DISCLAIMERS: I'll give them back in time to start filming the second movie, don't worry.
CATEGORY: S/A
SPOILERS: Demons
RATING: PG
KEYWORDS: Mulder/Scully friendship
SUMMARY: "You are taking a big risk, Mulder. I feel strongly about this."

Thanks to Michelle for another great beta. Author's notes at end of story. Feedback to [email protected].
 

SUBARACHNOID
By: Jennifer Maurer
 

Even before Mulder opens his eyes, he knows he's in a hospital; he recognizes the smells and sounds. He thinks back and tries to remember how he got here. The memories come slowly, and they are hazy at best. This, he thinks, is probably part of the reason in itself.

His attention is caught by voices to his left. One of the voices is Scully's; he doesn't recognize the other one, a deep male voice. They are obviously speaking quietly so as not to disturb him, but he catches a few words here and there: CAT scan, seizures, possible brain damage.

Brain damage? What exactly has happened to him?

Mulder lifts a heavy hand to rub his eyes. The gesture apparently catches the attention of his visitors, because the voices stop and Scully's heels come tapping over to him.

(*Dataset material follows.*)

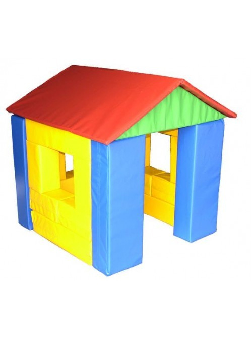 Будиночок для дітей з м'яких модулів - цей ігровий центр має три вікна і двері, що б можна було потрапити всередину приміщення, грати там або ховатися. Яскраві кольори роблять його дуже привабливим для цікавої дітвори. Будиночок розбірний, кожну деталь можливо використати окремо для ігор або просто для відпочинку. Більше того, розібравши будинок на окремі елементи, можна запропонувати дітворі самій побудувати яку-не будь хатинку, адже таке зайняття не менш захоплювальне!

"Mulder?" she asks, "Can you hear me?"

"Mmm. Yeah," he slurs. "Scully?"

"Yes, it's me. How are you feeling?"

"Head hurts."

"I'm not surprised. Do you remember what happened?"

"Not really."

Scully confers quietly for a moment with the male voice, whom Mulder assumes is his doctor. He takes this opportunity to slowly open his eyes.

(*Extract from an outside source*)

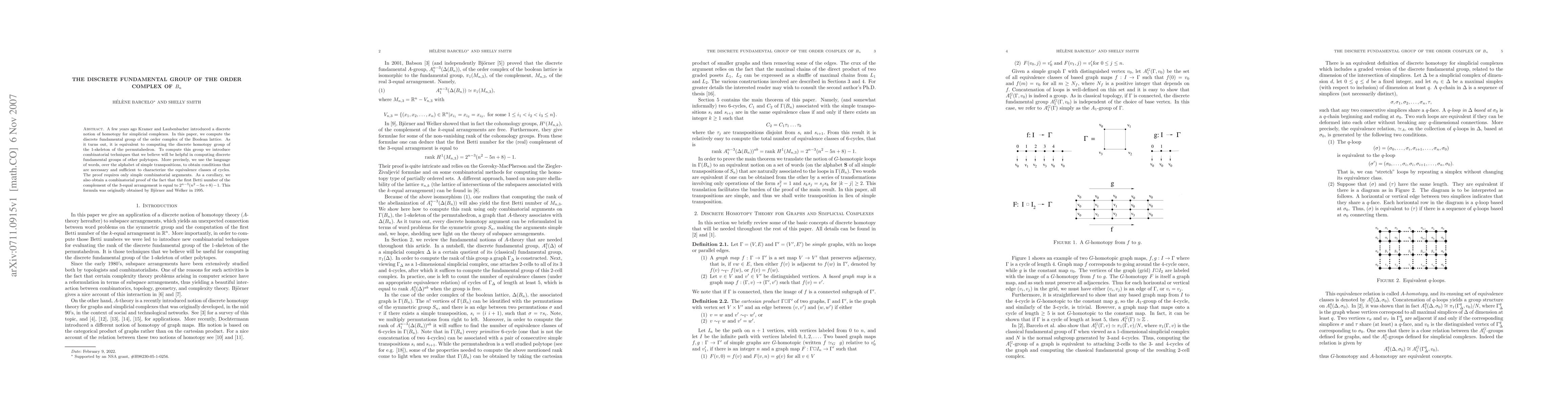 A few years ago Kramer and Laubenbacher introduced a discrete notion of homotopy for simplicial complexes. In this paper, we compute the discrete fundamental group of the order complex of the Boolean lattice. As it turns out, it is equivalent to computing the discrete homotopy group of the 1-skeleton of the permutahedron. To compute this group we introduce combinatorial techniques that we believe will be helpful in computing discrete fundamental groups of other polytopes. More precisely, we use the language of words, over the alphabet of simple transpositions, to obtain conditions that are necessary and sufficient to characterize the equivalence classes of cycles. The proof requires only simple combinatorial arguments. As a corollary, we also obtain a combinatorial proof of the fact that the first Betti number of the complement of the 3-equal arrangement is equal to $2^{n-3}(n^2-5n+8)-1.$ This formula was originally obtained by Bj\"orner and Welker in 1995.

He doesn't recognize the hospital room, but then again, one looks more or less like another. Scully is standing next to his bed in rumpled clothes with deep shadows under her eyes, and Mulder realizes she's been here with him the whole time, however long that has been. He tries to pick up the thread of her conversation with the doctor, but they're speaking too softly for him to hear over the pounding in his ears.

"Scully?"

She wraps up her conversation with the doctor, who nods and leaves before Mulder can ask him anything. He shifts in the bed and winces at the ache in his muscles.

"What happened to me?"

She looks at him carefully; it makes him nervous. She's trying to figure out what to tell him, he thinks.

"What's the last thing you remember?" she asks.

"I don't know...it's like a lot of little flashes of memory. We're in...Rhode Island?" She nods, and he continues, "Something about Samantha. A woman was shot. And a doctor, not the one you were just talking to. We went to see my mother, and then..."

His eyes widen and the blood drains from his face. He looks at Scully with growing horror.

"You followed me to the house in Quonochontaug. I was trying to remember what happened to Samantha, and then I...I shot at you?"

His voice breaks on the last words. He reaches for Scully's hand, and she lets him take it.

"You went to that other doctor, Dr. Goldstein, for treatments that you hoped would help you recover your memories of what happened to your sister," she says, "You called me for help yesterday morning, so I came up to join you. We've determined the woman, Amy Cassandra, killed her husband, then herself."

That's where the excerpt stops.